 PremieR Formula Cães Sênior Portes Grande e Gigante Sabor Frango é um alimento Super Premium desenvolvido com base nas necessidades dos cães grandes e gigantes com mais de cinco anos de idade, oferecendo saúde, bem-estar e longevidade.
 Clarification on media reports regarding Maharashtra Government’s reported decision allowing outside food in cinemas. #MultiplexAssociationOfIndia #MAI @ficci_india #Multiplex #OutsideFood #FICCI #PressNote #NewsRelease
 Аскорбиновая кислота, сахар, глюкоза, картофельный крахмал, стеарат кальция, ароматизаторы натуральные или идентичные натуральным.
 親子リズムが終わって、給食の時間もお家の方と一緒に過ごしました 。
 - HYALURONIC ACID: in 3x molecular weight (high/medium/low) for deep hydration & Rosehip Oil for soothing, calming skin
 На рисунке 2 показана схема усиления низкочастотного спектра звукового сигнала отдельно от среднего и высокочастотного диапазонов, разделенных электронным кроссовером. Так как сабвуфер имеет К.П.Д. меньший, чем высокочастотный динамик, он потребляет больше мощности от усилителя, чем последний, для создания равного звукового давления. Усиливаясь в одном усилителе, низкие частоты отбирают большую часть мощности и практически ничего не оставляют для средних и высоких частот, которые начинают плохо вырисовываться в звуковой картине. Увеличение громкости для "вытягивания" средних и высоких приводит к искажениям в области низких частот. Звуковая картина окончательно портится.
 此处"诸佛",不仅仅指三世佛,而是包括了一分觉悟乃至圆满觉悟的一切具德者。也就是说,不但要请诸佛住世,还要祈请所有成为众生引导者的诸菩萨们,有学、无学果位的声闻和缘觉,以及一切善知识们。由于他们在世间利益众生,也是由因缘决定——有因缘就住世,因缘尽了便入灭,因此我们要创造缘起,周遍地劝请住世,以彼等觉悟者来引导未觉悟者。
---
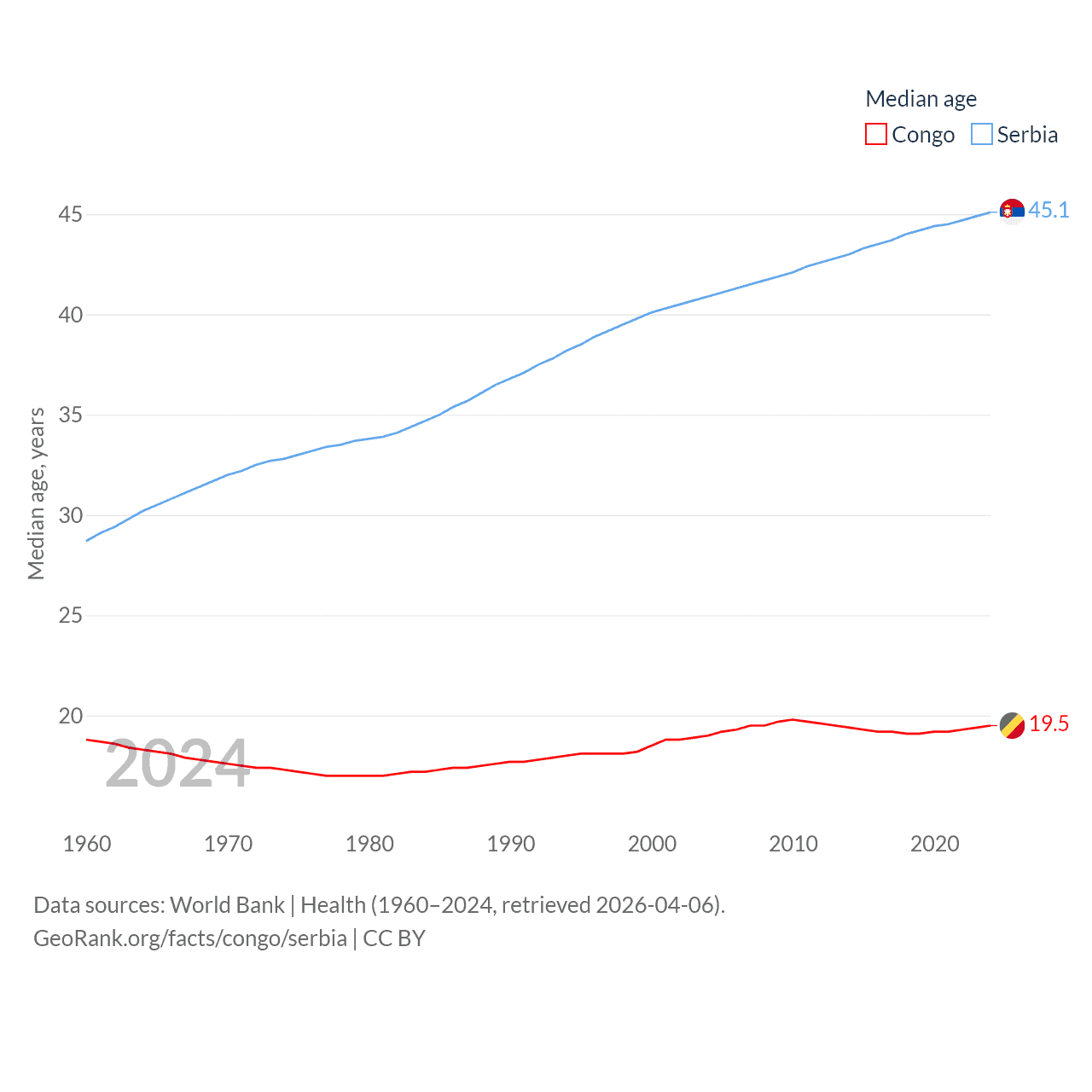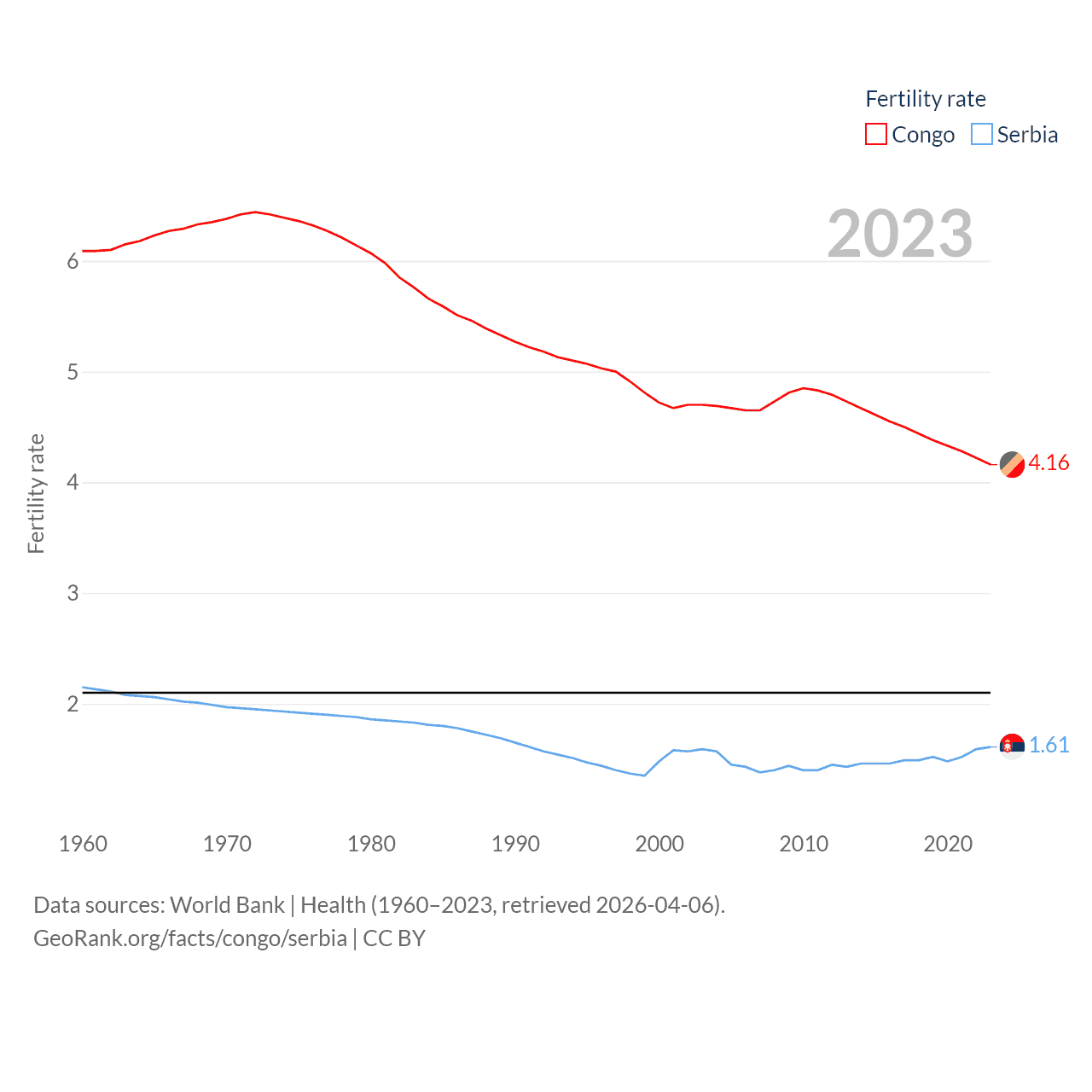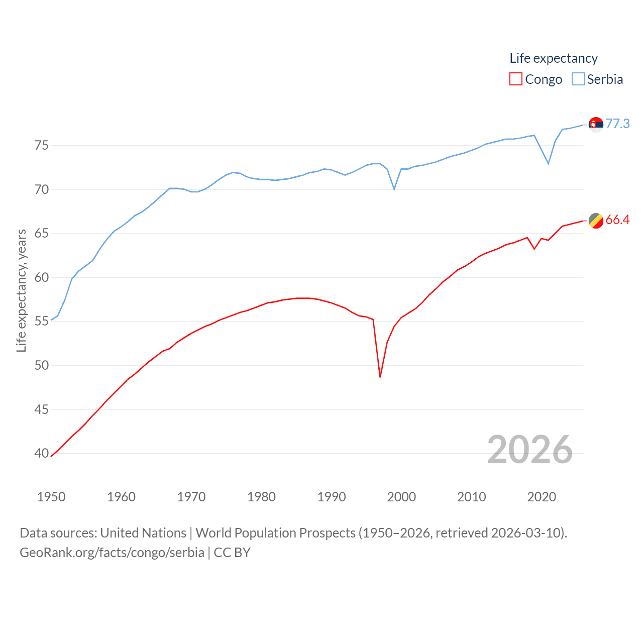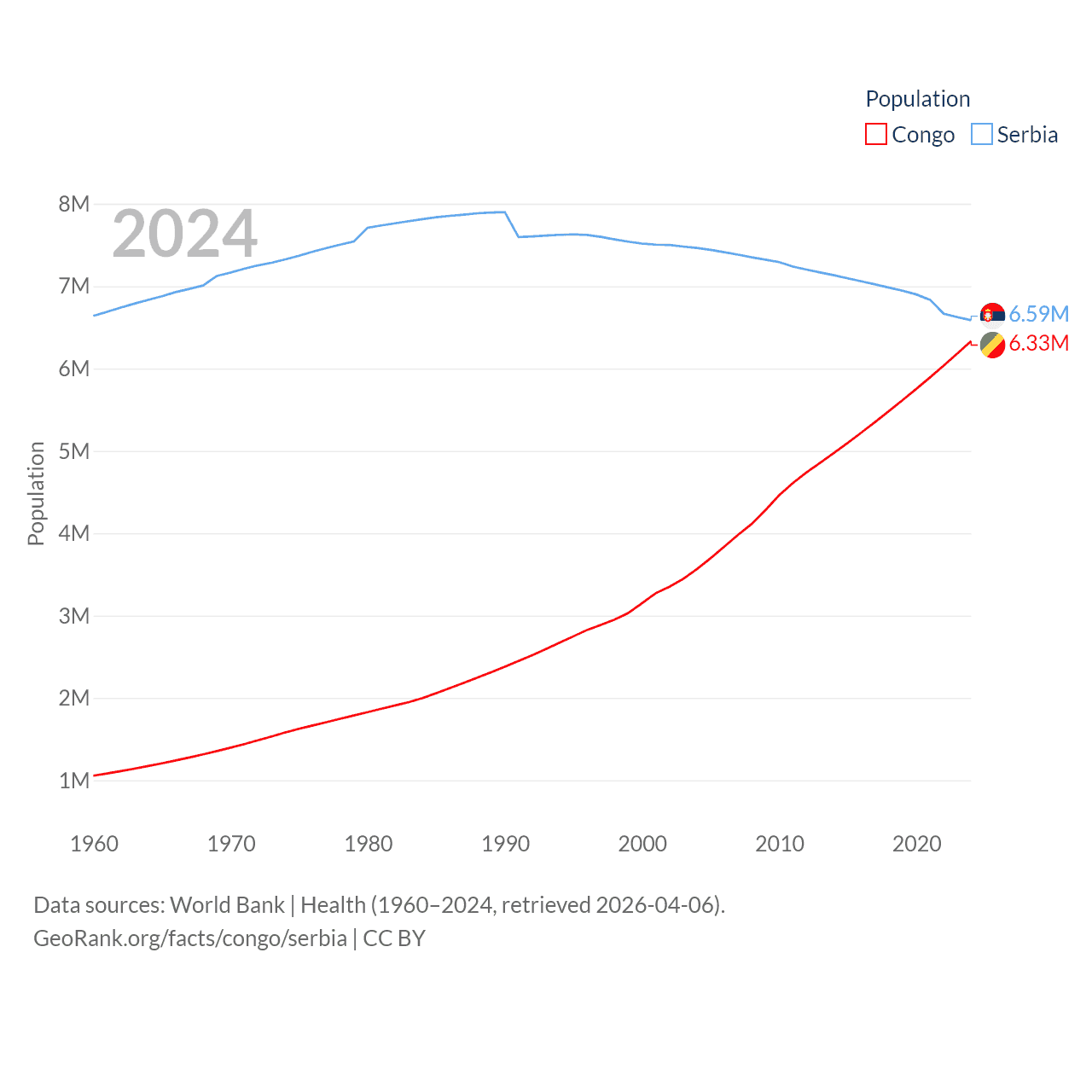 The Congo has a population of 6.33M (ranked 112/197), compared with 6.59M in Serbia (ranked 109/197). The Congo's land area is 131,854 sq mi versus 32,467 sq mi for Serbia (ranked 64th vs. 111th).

◆ DIRECTIONS
Going back over the entries above, copy word for word every line from the one that has "親子リズムが終わって、給食の時間もお家の方と一緒に過ごしました 。" on through the one that has "На рисунке 2".

◆ FINISHED TASK
 親子リズムが終わって、給食の時間もお家の方と一緒に過ごしました 。
 - HYALURONIC ACID: in 3x molecular weight (high/medium/low) for deep hydration & Rosehip Oil for soothing, calming skin
 На рисунке 2 показана схема усиления низкочастотного спектра звукового сигнала отдельно от среднего и высокочастотного диапазонов, разделенных электронным кроссовером. Так как сабвуфер имеет К.П.Д. меньший, чем высокочастотный динамик, он потребляет больше мощности от усилителя, чем последний, для создания равного звукового давления. Усиливаясь в одном усилителе, низкие частоты отбирают большую часть мощности и практически ничего не оставляют для средних и высоких частот, которые начинают плохо вырисовываться в звуковой картине. Увеличение громкости для "вытягивания" средних и высоких приводит к искажениям в области низких частот. Звуковая картина окончательно портится.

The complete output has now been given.